# EXERCISE INSTRUCTIONS:
Print exactly the lines from the one containing "Vljudno vabljeni na" through the last line of the entries below; the pictures stay out of the copy.

# PROVIDED RECORDS:

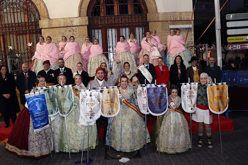 En la Sección Primera de fallas grandes, la Falla La Palmereta ha logrado el primer premio. A esta comisión le sigue la Falla Teodoro Llorente, en segundo lugar, la Falla Luis Cendoya, en tercer lugar, y la Falla Avinguda en cuarta posición. En categoría infantil, el máximo galardón de la Sección Primera de este año ha sido para la Falla Luis Cendoya; el segundo, para la Falla Eduardo Merello, el tercero para la Falla Els Vents, y el cuarto para la Falla Gilet.
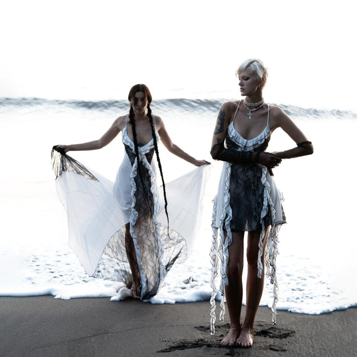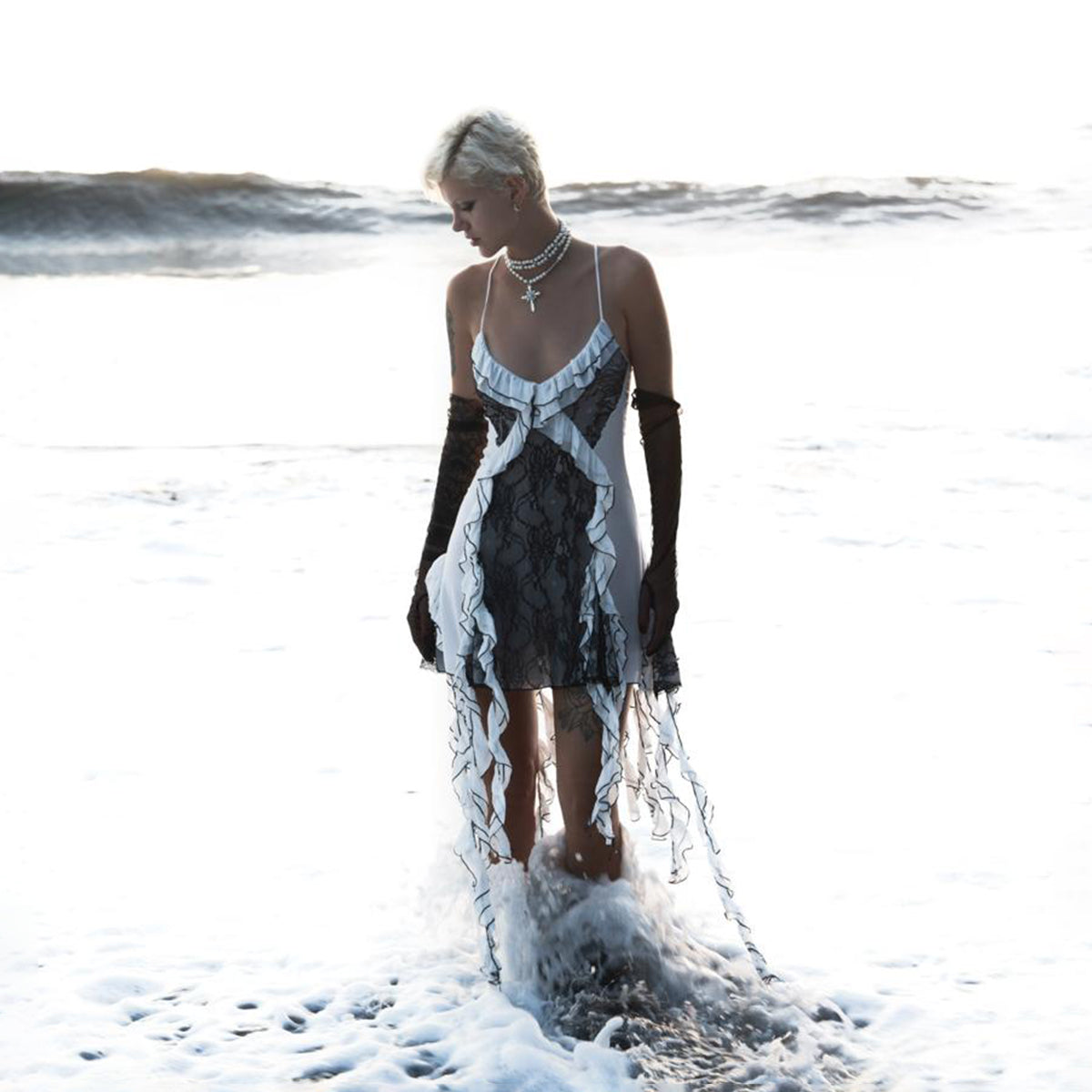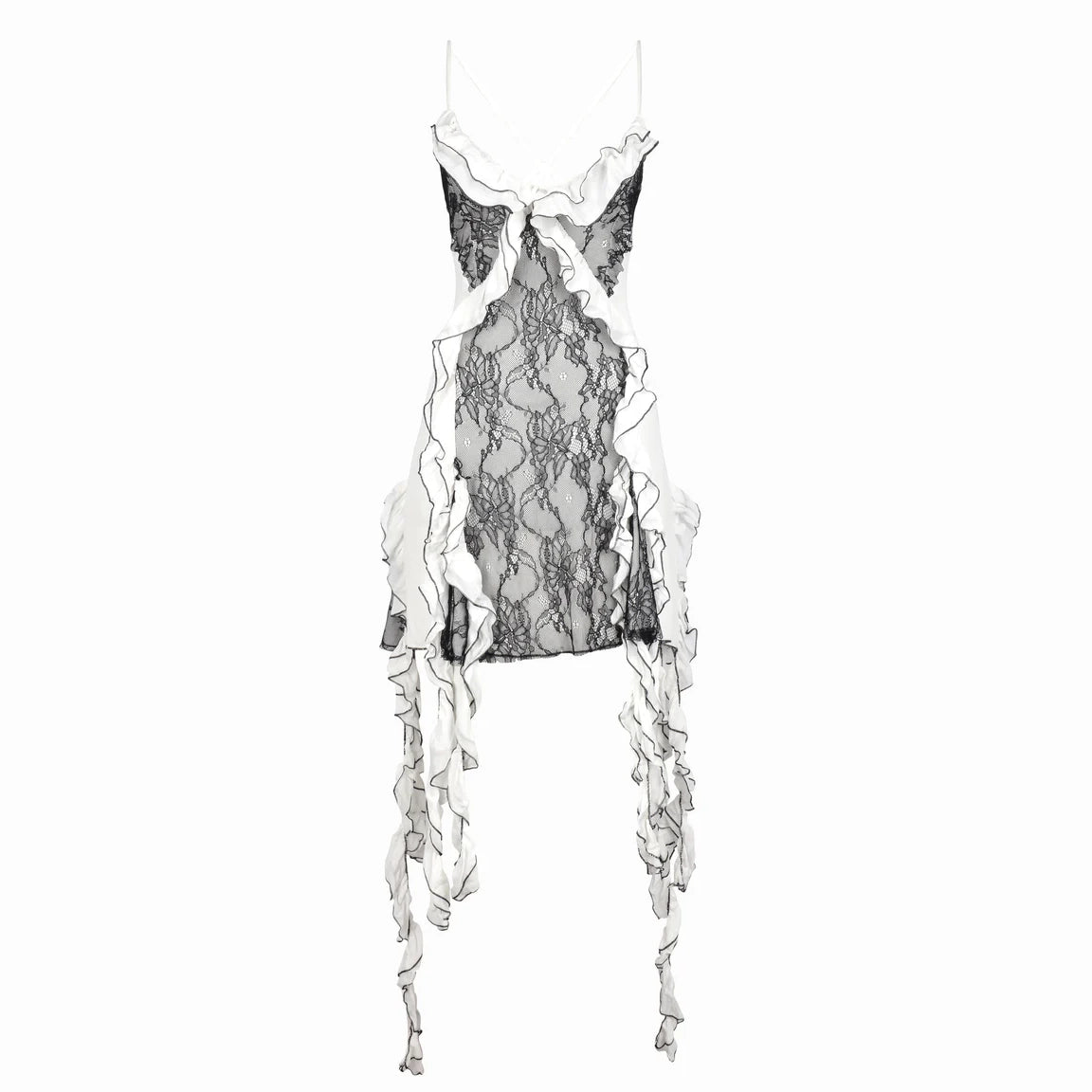 The short dress is made of viscose crepe and Chantilly lace. The dress is decorated with ruffles and lacing on the back.
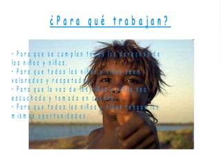 Save the Children es la organización líder a nivel mundial que trabaja a favor de los derechos de la infancia. Fue fundada en 1919 por Eglantyne Jebb para ayudar a los niños refugiados después de la Primera Guerra Mundial. Actualmente opera en 29 países y trabaja directamente con niños, incide en políticas públicas, sensibiliza a la población sobre temas que afectan a los niños, y promueve la participación infantil y la igualdad de oportunidades.
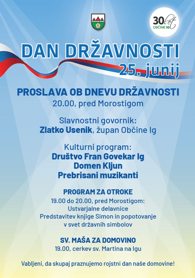 Vljudno vabljeni na proslavo ob prazniku dnevu državnosti s spremljevalnim programom.
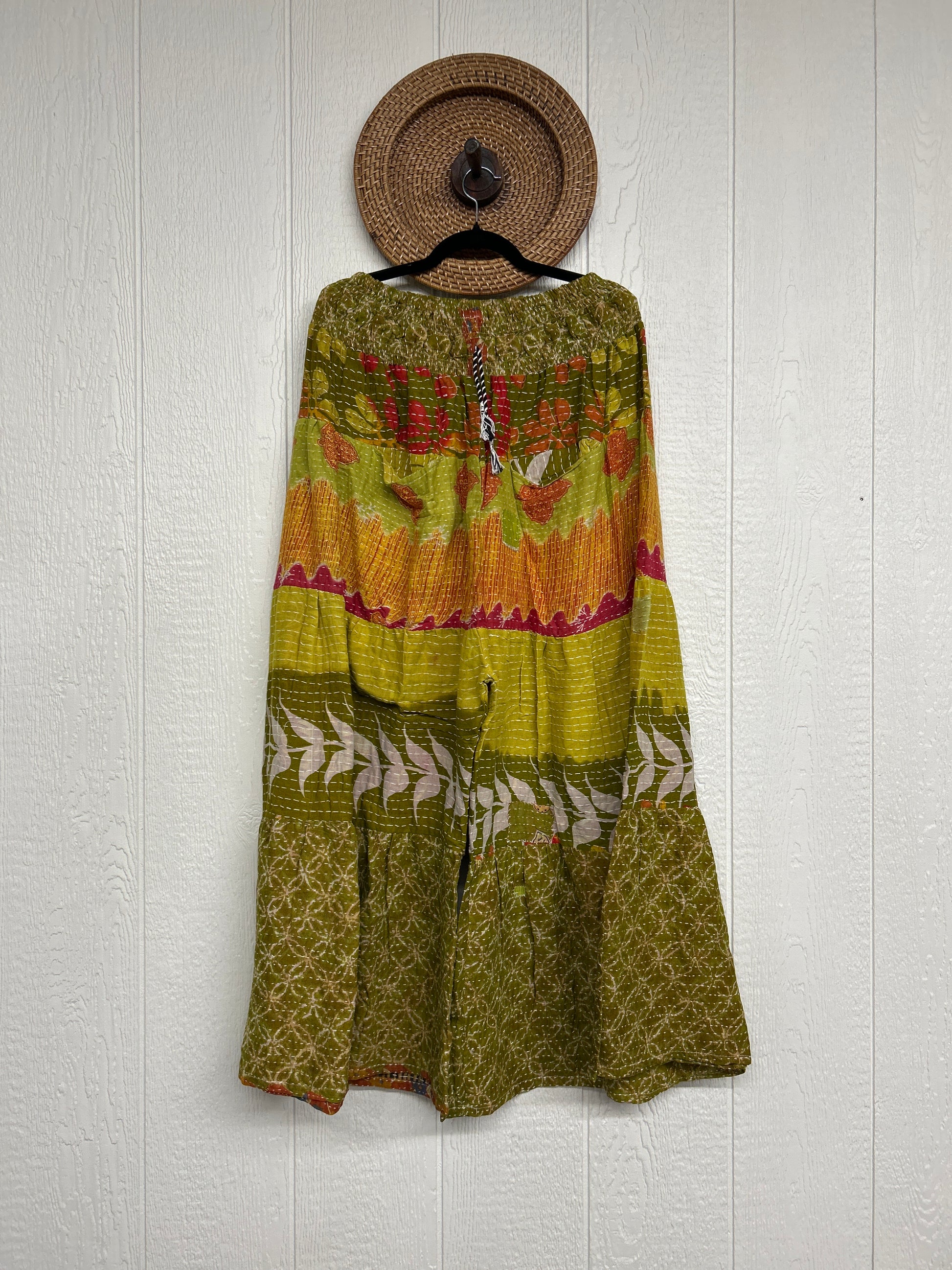 Crafted from our ultra lux Kantha stitched cotton sari, the bold design of the Lotus Wide Leg Pants features tiered wide legs for an exaggerated silhouette and a slouchy interior pocket that is absolute perfection!
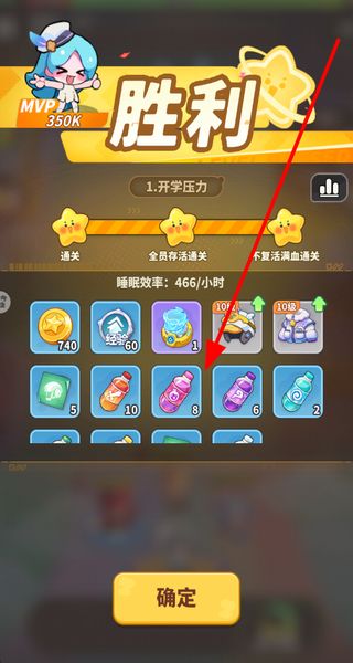 4、成功通关关卡后,会进入结算界面,界面会展示获得的各类奖励,点击确定按钮即可领取这些奖励,结束当前关卡流程。
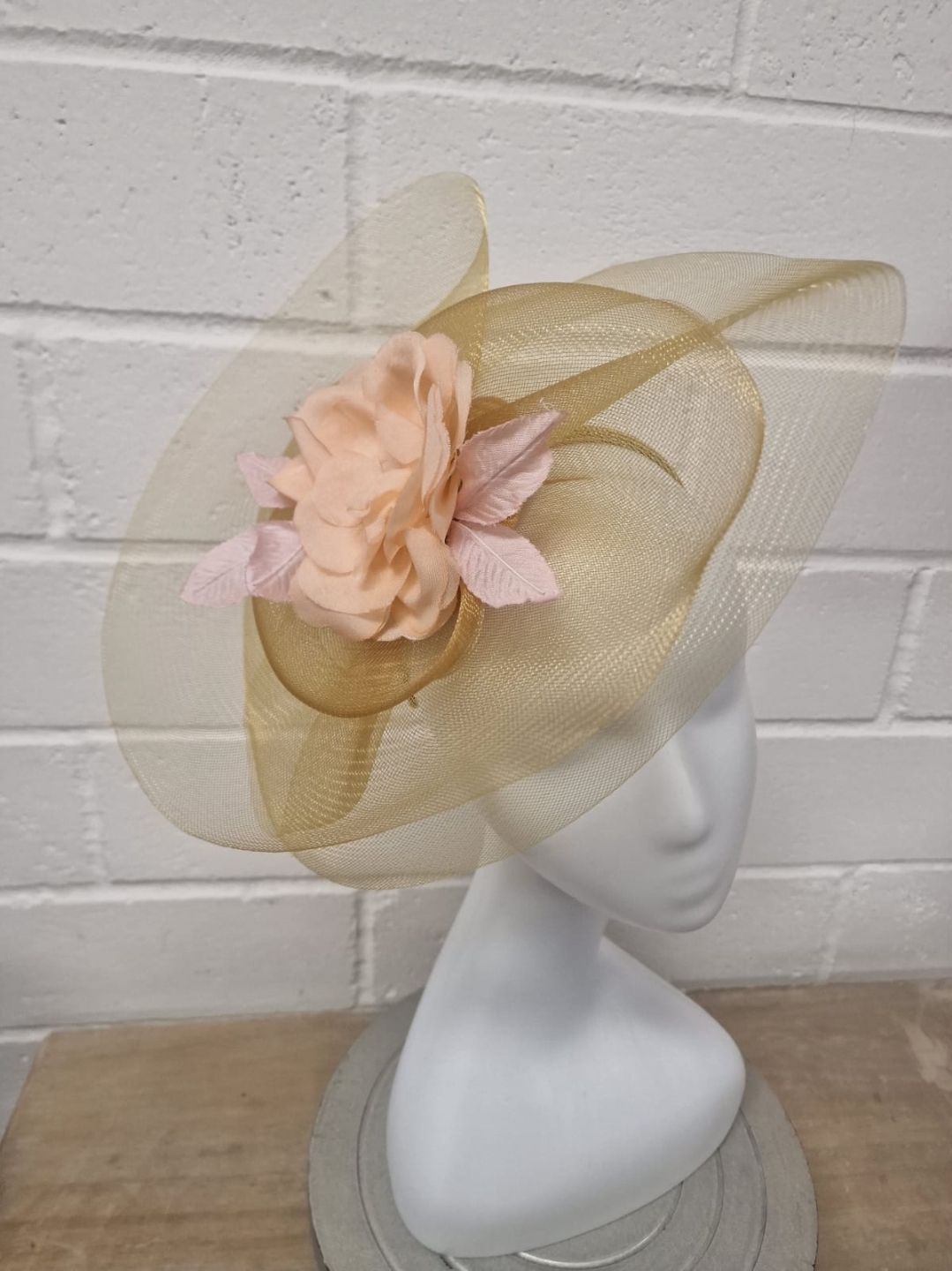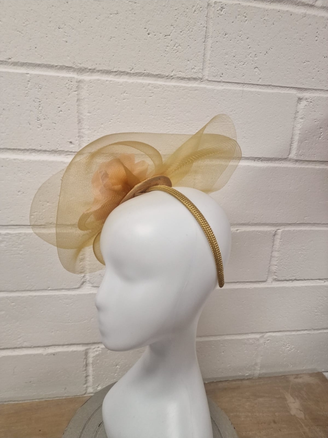 This crinoline gold fascinator brings a touch of refined glamour to any special occasion. The airy, sculpted loops create a graceful sense of movement, while the shimmering gold finish adds a sophisticated glow. Lightweight and comfortable, it sits beautifully on the head, offering an effortlessly polished look for weddings, church events, or high-end celebrations.

# SOLUTION:
 Vljudno vabljeni na proslavo ob prazniku dnevu državnosti s spremljevalnim programom.
 Crafted from our ultra lux Kantha stitched cotton sari, the bold design of the Lotus Wide Leg Pants features tiered wide legs for an exaggerated silhouette and a slouchy interior pocket that is absolute perfection!
 4、成功通关关卡后,会进入结算界面,界面会展示获得的各类奖励,点击确定按钮即可领取这些奖励,结束当前关卡流程。
 This crinoline gold fascinator brings a touch of refined glamour to any special occasion. The airy, sculpted loops create a graceful sense of movement, while the shimmering gold finish adds a sophisticated glow. Lightweight and comfortable, it sits beautifully on the head, offering an effortlessly polished look for weddings, church events, or high-end celebrations.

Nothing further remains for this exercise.